Rio de Janeiro mayor Eduardo Paes
Rio de Janeiro’s Mayor Eduardo Paes attends a press conference of Two Years to Go to the Rio 2016 Olympics Opening Ceremony on August 4, 2014 in Rio de Janeiro. (Getty)

Just days after his controversial quip that Australian athletes might have felt more at home in their Olympic accommodations if a kangaroo had been placed outside, Rio de Janeiro’s mayor has placed the blame for the problems in the athletes’ village on the city’s Olympics organizing committee.

“The athletes’ village was ready. Then the organizing committee took charge for three months, and there were extremely serious management problems. During those three months, people intruded into the apartments and a lot of things were stolen,” said Rio mayor Eduardo Paes in an interview with a Sao Paulo newspaper picked up by AFP.

“The doors were left half-open. The organizing committee was careless, objectively speaking,” Paes said.

[Related: How Rio is helping its stray cats and dogs leading up to the Olympics]
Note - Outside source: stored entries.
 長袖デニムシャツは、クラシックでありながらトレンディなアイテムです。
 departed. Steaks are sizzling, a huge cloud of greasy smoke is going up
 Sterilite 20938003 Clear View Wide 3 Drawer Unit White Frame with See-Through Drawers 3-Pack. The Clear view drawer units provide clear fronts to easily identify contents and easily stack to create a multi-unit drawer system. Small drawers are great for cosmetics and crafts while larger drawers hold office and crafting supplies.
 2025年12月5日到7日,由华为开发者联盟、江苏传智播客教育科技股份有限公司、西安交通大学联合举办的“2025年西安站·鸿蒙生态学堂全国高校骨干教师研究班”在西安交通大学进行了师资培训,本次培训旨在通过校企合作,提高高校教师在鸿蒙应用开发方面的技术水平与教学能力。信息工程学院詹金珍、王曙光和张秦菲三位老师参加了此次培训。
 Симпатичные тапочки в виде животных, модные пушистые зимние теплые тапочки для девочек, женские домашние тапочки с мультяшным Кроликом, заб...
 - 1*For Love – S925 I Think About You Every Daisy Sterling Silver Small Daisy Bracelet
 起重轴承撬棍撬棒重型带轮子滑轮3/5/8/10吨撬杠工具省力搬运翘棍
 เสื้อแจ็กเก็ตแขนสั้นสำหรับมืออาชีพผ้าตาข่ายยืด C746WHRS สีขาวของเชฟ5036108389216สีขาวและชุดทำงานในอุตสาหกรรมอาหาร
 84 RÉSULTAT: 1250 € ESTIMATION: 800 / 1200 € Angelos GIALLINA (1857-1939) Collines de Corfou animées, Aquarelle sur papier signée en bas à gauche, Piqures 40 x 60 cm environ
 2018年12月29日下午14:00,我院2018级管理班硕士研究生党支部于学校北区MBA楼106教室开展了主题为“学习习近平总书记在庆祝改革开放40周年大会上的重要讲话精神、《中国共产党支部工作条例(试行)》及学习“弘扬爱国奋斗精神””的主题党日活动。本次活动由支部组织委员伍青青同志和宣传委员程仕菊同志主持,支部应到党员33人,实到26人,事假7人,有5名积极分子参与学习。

Paes, who has been in office since 2008, maintains he only learned of the problems in the village late last week and that Brazilians were not the ones at fault.
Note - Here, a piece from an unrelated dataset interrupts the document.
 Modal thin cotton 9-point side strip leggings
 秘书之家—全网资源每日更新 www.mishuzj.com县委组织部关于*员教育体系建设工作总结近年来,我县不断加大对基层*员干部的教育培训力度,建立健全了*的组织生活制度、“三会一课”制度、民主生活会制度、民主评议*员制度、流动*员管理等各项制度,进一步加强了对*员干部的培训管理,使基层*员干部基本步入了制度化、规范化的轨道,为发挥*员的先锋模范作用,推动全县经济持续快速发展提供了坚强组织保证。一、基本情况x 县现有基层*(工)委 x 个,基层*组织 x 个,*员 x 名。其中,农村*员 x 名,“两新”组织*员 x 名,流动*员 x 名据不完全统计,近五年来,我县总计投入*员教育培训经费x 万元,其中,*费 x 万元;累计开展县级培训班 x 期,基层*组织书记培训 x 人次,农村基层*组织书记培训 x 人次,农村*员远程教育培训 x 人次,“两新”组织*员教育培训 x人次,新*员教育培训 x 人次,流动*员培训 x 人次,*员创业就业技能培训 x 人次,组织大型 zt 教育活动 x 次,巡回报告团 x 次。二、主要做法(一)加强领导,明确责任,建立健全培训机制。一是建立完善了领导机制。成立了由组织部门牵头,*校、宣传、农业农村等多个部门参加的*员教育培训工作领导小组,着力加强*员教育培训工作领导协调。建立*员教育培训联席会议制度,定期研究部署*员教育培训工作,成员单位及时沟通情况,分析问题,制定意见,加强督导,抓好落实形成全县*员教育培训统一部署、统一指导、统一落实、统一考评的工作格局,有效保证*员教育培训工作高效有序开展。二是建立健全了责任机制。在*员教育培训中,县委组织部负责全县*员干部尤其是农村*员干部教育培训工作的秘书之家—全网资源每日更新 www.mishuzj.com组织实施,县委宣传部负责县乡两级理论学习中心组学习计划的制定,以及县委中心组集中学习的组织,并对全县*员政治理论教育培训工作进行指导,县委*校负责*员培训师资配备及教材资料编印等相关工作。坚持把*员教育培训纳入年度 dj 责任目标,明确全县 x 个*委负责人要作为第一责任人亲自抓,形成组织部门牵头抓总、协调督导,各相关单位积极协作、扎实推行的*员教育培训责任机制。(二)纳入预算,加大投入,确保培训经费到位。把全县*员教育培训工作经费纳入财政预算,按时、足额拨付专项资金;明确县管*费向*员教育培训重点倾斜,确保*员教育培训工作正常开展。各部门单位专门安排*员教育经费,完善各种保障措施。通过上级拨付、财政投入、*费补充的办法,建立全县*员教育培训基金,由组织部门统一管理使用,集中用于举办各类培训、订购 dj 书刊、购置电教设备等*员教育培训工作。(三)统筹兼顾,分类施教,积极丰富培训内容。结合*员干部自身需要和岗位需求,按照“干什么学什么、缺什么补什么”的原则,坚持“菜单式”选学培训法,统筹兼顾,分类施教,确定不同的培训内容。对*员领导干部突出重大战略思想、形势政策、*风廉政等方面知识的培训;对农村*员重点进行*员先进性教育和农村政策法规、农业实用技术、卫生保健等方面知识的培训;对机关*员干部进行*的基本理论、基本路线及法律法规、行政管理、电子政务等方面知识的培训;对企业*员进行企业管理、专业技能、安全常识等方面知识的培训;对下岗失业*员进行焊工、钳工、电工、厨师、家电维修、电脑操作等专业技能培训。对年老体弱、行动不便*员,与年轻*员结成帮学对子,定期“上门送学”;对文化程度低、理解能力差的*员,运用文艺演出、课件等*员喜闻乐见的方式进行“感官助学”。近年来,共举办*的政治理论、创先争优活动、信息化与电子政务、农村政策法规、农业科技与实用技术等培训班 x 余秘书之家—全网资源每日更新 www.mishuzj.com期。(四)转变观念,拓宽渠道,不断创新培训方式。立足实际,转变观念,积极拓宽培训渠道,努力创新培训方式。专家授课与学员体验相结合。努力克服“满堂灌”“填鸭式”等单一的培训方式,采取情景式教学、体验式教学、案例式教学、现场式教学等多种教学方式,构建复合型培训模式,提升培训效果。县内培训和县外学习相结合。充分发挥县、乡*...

“It wasn’t a Brazilian in charge of the Olympics village. Only foreigners,” said Paes. “At least people can’t say the Brazilians are disorganized. The boss was Mario Cilenti.”

Cilenti is Argentinian, so it perhaps comes as little surprise that the embattled mayor would try and pin the blame on him when you consider the contentious relationship that the two South American neighbors maintain with one another.

It’s been reported that Cilenti has since been relieved of his duties as executive director of the athletes’ villages, although there’s been no official confirmation of this from the Olympics committee.

The problems with the village – which range from exposed wiring to leaky plumbing and clogged toilets – first came to light Monday, when the Australian delegation announced it would be staying in a hotel because its accommodations were uninhabitable. Meanwhile, the Italian delegation decided to take matters into its own hands, hiring contractors to complete its unfinished block of apartments.

[Related: Olympics media village built on ‘sacred’ burial site]

The committee since launched its own repair effort, hiring 600 plumbers to make emergency repairs to the village. Rio 2016 has stated that all problems with the village have now been taken care of.

However, even that was not without controversy, with Brazil’s labor ministry stating that the emergency hires called in by the committee lacked proper working conditions and contracts.

The mayor’s comments are just the latest round in an escalating game of passing the buck that earlier this week saw the organizing committee blame the problems in the village on sabotage by “unhappy workers.”